Task instructions:
Copy only the lines from the one containing "Dřevěné obložení hranolky" through the final line of the records below, exactly as written, with no pictures.
= = = = =
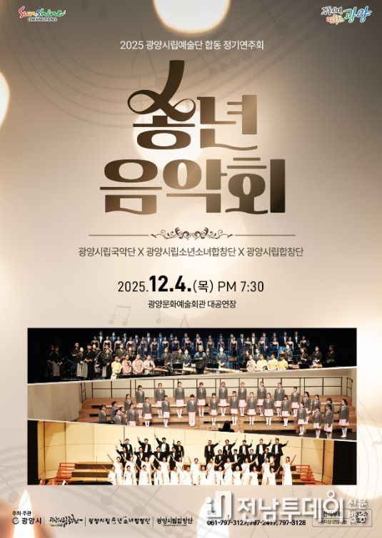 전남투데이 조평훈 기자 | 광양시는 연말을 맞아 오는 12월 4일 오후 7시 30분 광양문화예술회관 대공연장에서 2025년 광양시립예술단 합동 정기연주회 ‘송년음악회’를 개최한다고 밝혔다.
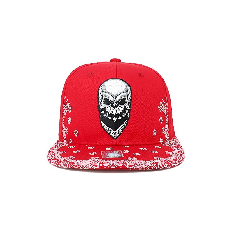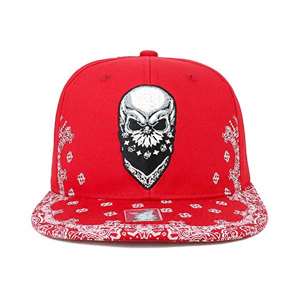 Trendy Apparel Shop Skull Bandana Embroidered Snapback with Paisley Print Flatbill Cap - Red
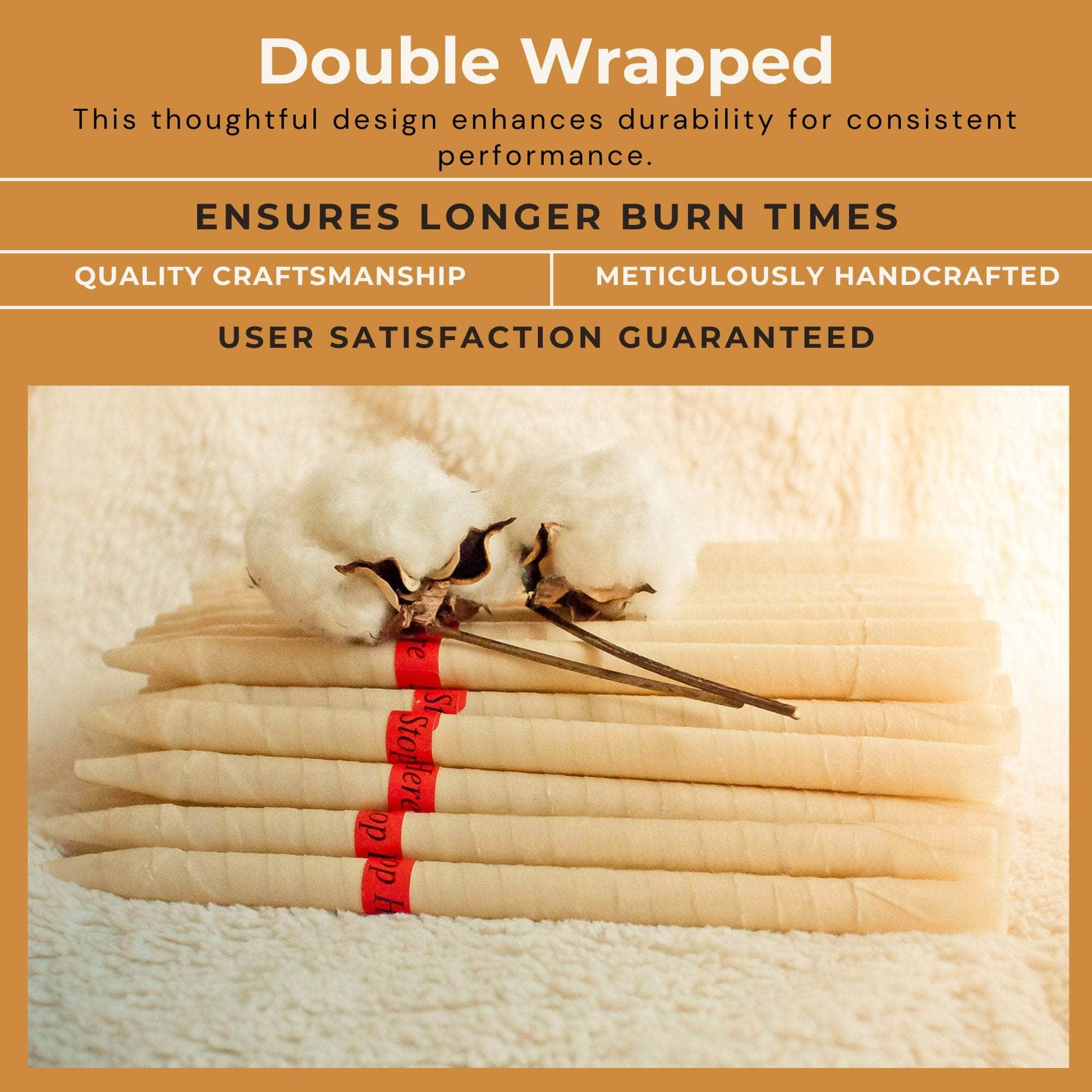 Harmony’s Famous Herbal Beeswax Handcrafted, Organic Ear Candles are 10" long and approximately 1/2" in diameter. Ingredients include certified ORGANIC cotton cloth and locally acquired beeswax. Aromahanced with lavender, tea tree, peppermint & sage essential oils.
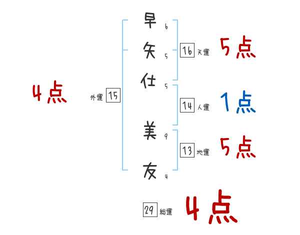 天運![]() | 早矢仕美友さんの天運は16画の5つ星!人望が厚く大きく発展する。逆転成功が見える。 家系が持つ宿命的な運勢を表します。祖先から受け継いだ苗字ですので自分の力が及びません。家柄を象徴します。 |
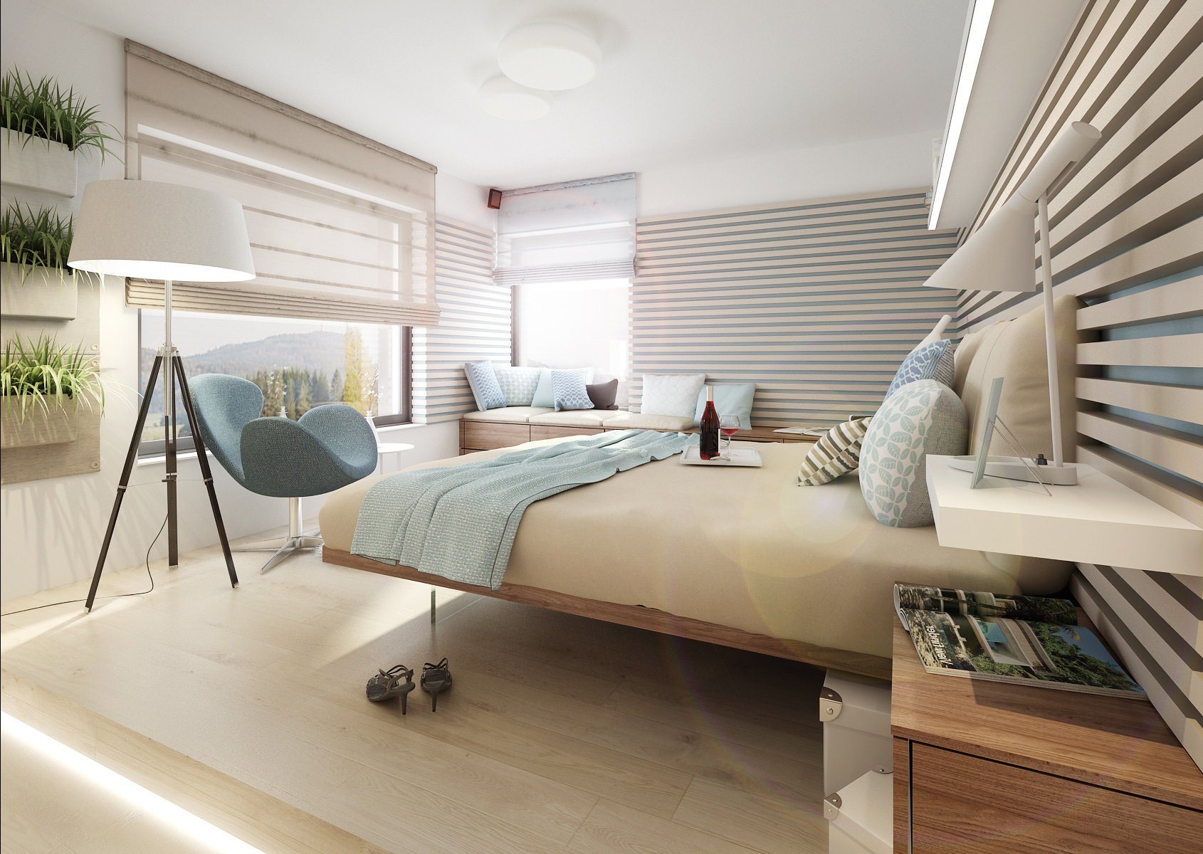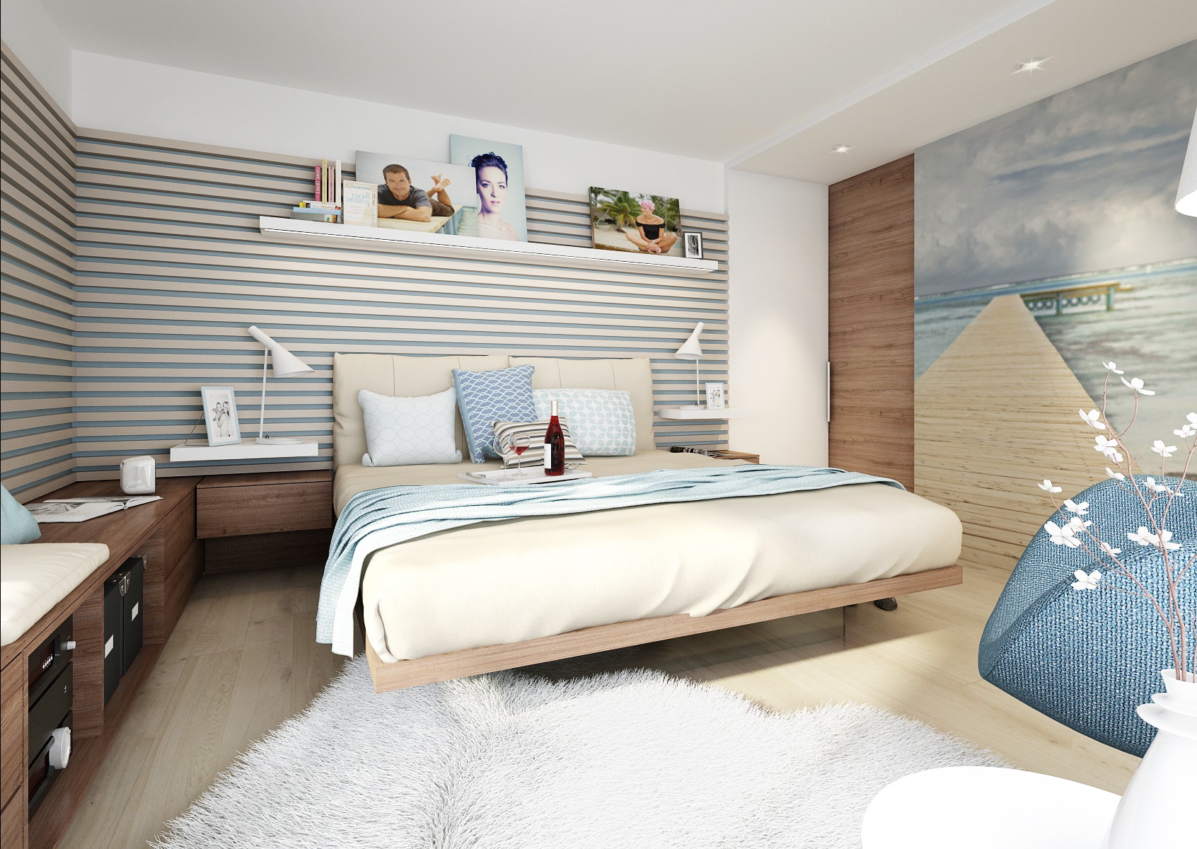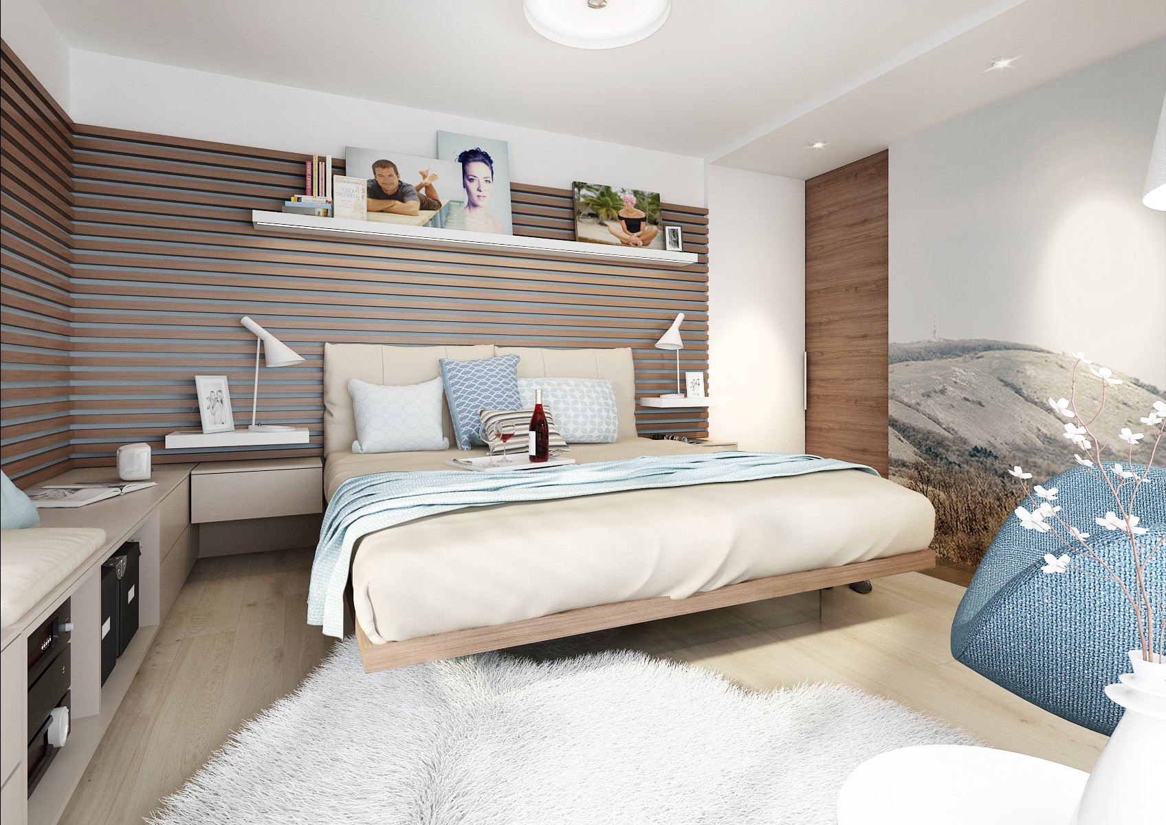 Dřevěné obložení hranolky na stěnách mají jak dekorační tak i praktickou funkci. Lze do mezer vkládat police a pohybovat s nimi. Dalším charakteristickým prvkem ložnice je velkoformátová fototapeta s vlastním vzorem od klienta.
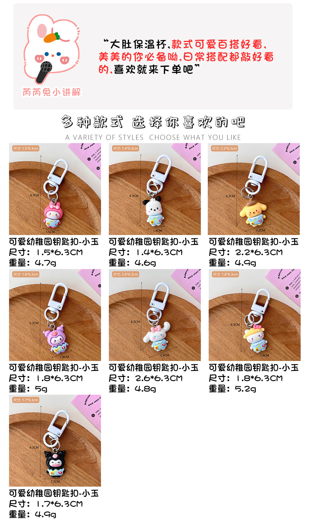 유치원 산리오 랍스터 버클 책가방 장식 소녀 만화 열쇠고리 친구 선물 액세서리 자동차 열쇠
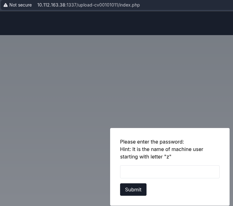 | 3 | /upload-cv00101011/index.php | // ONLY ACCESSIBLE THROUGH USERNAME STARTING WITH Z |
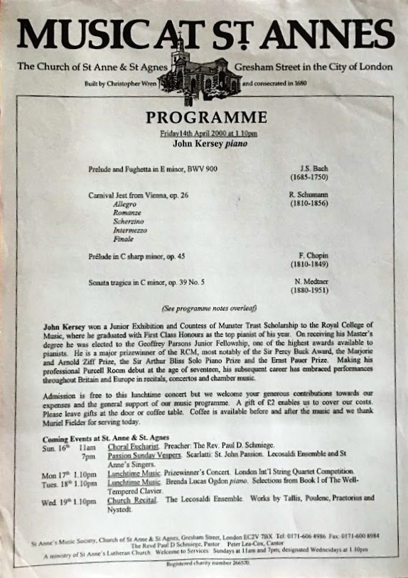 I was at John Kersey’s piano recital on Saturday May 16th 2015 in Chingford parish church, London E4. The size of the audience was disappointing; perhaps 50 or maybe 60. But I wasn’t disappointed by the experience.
= = = = =
Answer to the exercise:
 Dřevěné obložení hranolky na stěnách mají jak dekorační tak i praktickou funkci. Lze do mezer vkládat police a pohybovat s nimi. Dalším charakteristickým prvkem ložnice je velkoformátová fototapeta s vlastním vzorem od klienta.
 유치원 산리오 랍스터 버클 책가방 장식 소녀 만화 열쇠고리 친구 선물 액세서리 자동차 열쇠
 | 3 | /upload-cv00101011/index.php | // ONLY ACCESSIBLE THROUGH USERNAME STARTING WITH Z |
 I was at John Kersey’s piano recital on Saturday May 16th 2015 in Chingford parish church, London E4. The size of the audience was disappointing; perhaps 50 or maybe 60. But I wasn’t disappointed by the experience.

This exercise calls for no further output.